# Removal from balcony floor - big ending regarding queen



## PatBeek

.

*Just did this removal two days ago.

Does the queen make an appearance? 
*


----------



## Mr.Beeman

By the way the bees were acting, I'm thinking the queen was in your second "ball" of bees that you placed on the frames.


----------



## PatBeek

Mr.Beeman said:


> By the way the bees were acting, I'm thinking the queen was in your second "ball" of bees that you placed on the frames.


I believe you are correct because they were marching in that direction.

So here's my dilemma as a foundationless nut: 

The queen probably made her way into the hive before I could spot her. Given that this cut-out didn't have much comb and I refuse to use foundation, it's very tough to spot the queen in a hive with no comb. Also, since my hives at home are coming out of winter, I walk a fine-line with pulling supplies from them until the flow starts heavily.
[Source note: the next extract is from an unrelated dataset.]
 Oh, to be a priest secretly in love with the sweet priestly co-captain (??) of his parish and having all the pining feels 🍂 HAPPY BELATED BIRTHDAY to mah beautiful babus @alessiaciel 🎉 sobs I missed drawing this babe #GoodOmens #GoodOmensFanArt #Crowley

It's just a minor inconvenience in the grand scheme of things, however. 

.


----------



## Mr.Beeman

Well Pat, you are making the transition from TBH to Langs, albeit very slowly, it is only a matter of time that you start running foundation. lol
You MUST have some comb from your TBH's that you can band into the lang frames?


----------



## PatBeek

Mr.Beeman said:


> Well Pat, you are making the transition from TBH to Langs, albeit very slowly, it is only a matter of time that you start running foundation. lol
> You MUST have some comb from your TBH's that you can band into the lang frames?


Yes, I have done that extensively already. But once I get a good slew of Langs off the ground this spring, I will no longer have to resort to such drastic operations to shore up weaker Langs.
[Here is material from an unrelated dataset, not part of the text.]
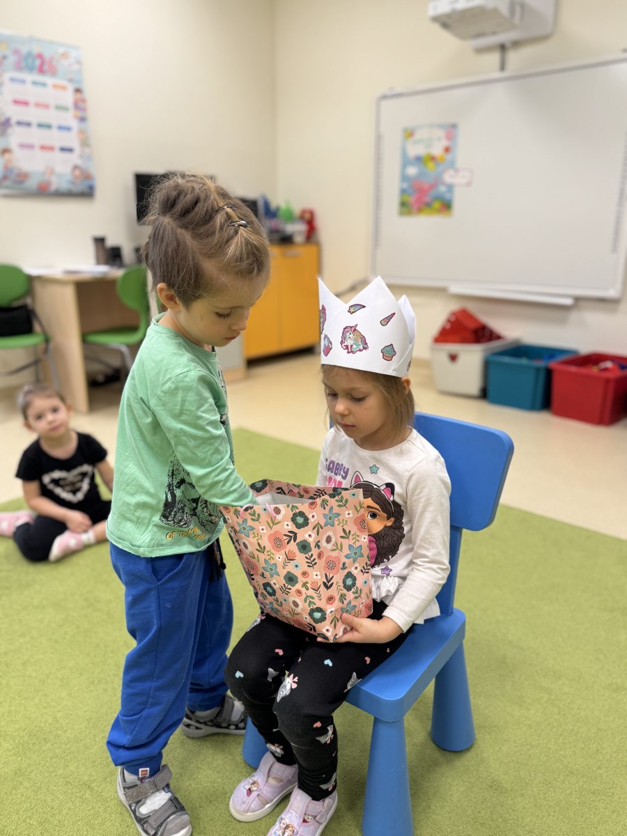 Było mnóstwo radości, serdecznych życzeń i uśmiechów. Dzieci wspólnie bawiły się przy muzyce, brały udział w wesołych zabawach oraz z radością odśpiewały Emilce „Sto lat”. Nie zabrakło również pysznego poczęstunku, który umilił nam to urodzinowe spotkanie. Był to dzień pełen ciepła, śmiechu i niezapomnianych chwil.
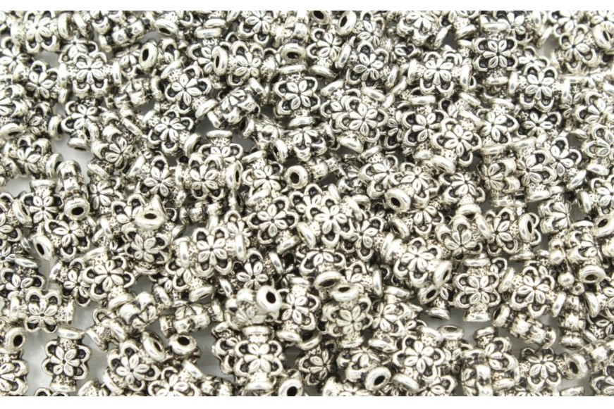 Floral Barrel Shape – 8mm – Antique Silver. Quality product. Metal Bead.

And by the way, I'm not making a full transition to Langs. I still plan on using both, especially due to customer demand. It's just that right now, I'm extremely deficient in my Lang stock and have been using those exclusively for cutouts lately.

.


----------



## aunt betty

Build a bee vac. You need one of the stanley shop vacs. The small yellow one.
Get a shop vac drain hero for the bottom. (big box lumber store)
Get one of the mesh trash cans from Bed Bath and Beyond. (it nests into a 5-gallon bucket).
Use a 1/2" shim to "jack the waste can up from the bottom of the bucket. 
Drill a hole in bottom with a hole saw, forget what size...2" will do.
Glue the drain hero onto the bottom over the hole so you can attach your shop vac hose there.
Cut a hole the exact size of your hose connection into the lid. That's the working end.
After you fill a bucket you staple or tape a piece of bug screen over that hole in the lid.
Make two or three buckets as described because sometimes a colony is so big it takes three.
Pictures in next post.

Hint: cut the rim off the waste can. Then try and squeeze it onto the bucket from the outside. This stretches the mesh and makes it fit perfectly.
Another hint: shop around at garage sales and craigslist for shop vac hoses. You'll want the big ones if possible.
Yet another: Get where you can tell when there is about 3# of bees in the bucket. Over-fill it and they'll die.


----------



## aunt betty

Here you go.






























Now about finding the queen. If you smoke them during the cutout generally the queen runs and hides. Almost every single cutout I've done the queen was found after nearly all the bees had been sucked up in the bee vac. It's the usual thing. (if you use smoke)


----------



## PatBeek

aunt betty said:


> Build a bee vac.


Aunt Betty, Aunt Betty, AUNT BETTY !!!!!

Haven't you seen my previous removal videos?

YOU. ARE. KILLING. ME.

:lookout:

I do have a cheap Buckethead Vac. It serves me well.

I opted not to use a vac on this removal. I thought it unnecessary.

Your homework tonight is to go back and watch all my removal videos and see how often I've used my vac in the past.

Quiz tomorrow at 8am.

By the way, thanks for those vac directions. I will look at them and see if it's an improvement on mine. I'm always open to new cheap designs.

.


----------



## PatBeek

aunt betty said:


> Now about finding the queen. If you smoke them during the cutout generally the queen runs and hides. Almost every single cutout I've done the queen was found after nearly all the bees had been sucked up in the bee vac. It's the usual thing. (if you use smoke)


I didn't smoke them until 99.9% of them were in my hive and after I scoured the inside of the structure for the queen trying to hide.

And yes, often times I find the queen in the vac bucket.

I appreciate you watching and commenting as always.

I'm not a know-it-all. I'm just tryna explain what happened if the video didn't make it clear enough.


.


----------